The Canadian government’s response is disappointing to say the least. Saying “Israel has a right to defend itself” doesn’t address the root causes of the conflict.

We need to keep this in mind. Peace in the region will not come unless a just solution to these root causes is achieved.

—Alvin Thiessen, Winnipeg, Manitoba (Charleswood Mennonite Church)

Thirty-five years later

“Statement by Jack Sara, president of Bethlehem Bible College” (October 20) reminds me so strongly of the prayers requested by the Palestinian people that I met during a six-week study tour in Israel-Palestine in 1988.

I have a newspaper clipping from that year. It describes a session of Israel’s legislature called by a leftist faction, deploring Israel’s failure to seek dialogue with the Palestin- ians and its tough tactics in quelling an uprising in which at least 239 Palestinians and four Israelis died.

According to the article, the deposed mayor of Gaza said that people in the Gaza Strip had reached a point where they didn’t see much difference between life and death under the degrading conditions of military occupation.

Note that this is 1988—35 years ago!

The people voicing this despair, if still alive, have spent all of their lives frustrated by Israel’s restrictions. Today, their children and grandchildren are being called terrorists for having existed in the densely-populated land that is Gaza, which many call an open-air prison.

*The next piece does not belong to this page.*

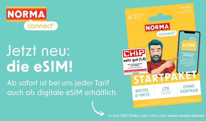 Der Smartphone-Tarif von NORMA ist jetzt auch über die noch nachhaltigere eSIM erhältlich! Kundinnen und Kunden, die die Top-Tarife für wenig Geld nutzen, können ab sofort umsteigen – die bisherige SIM-Karte aus Plastik gehört dann der Vergangenheit an. Die Einrichtung des Smartphones mit der eSIM geht noch schneller und einfacher: Sie findet komplett digital statt und ist von unterwegs aus möglich. Flexibler und nachhaltiger sind Userinnen und User noch nie in die Welt von NORMA Connect abgetaucht.
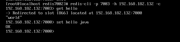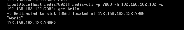 使用集群方式连接集群redis-cli -p 7003 -h 192.168.182.132 -c(7003是7000的备机)

As I move about freely—choose my profession, buy a home, travel to visit friends and family—I often think of my Palestinian friends who are not free to live their lives. They are walled in.

How long would my patience last if my home was destroyed and my gardens taken away?

—Margot Fieguth, Waterloo, Ontario (Waterloo North Mennonite Church)

Online comments

A powerful story

Thank you for sharing this article on Standing Together (“Battle for the character of Israel,” December 1). This is a powerful story.

It demonstrates so clearly that the call for an immediate and permanent ceasefire, and for negotiations toward a just peace, is in the interests of Israelis as well as Palestinians.

Durable justice, peace and security cannot be achieved through hostage-taking, killing, genocide and ethnic cleansing; it can only be achieved through the difficult but necessary work of negotiations toward a reality of coexistence.

We, as Mennonites, know this. We need to be sharing this message much more widely and boldly.

Thank you, Canadian Mennonite, for urging us to do that.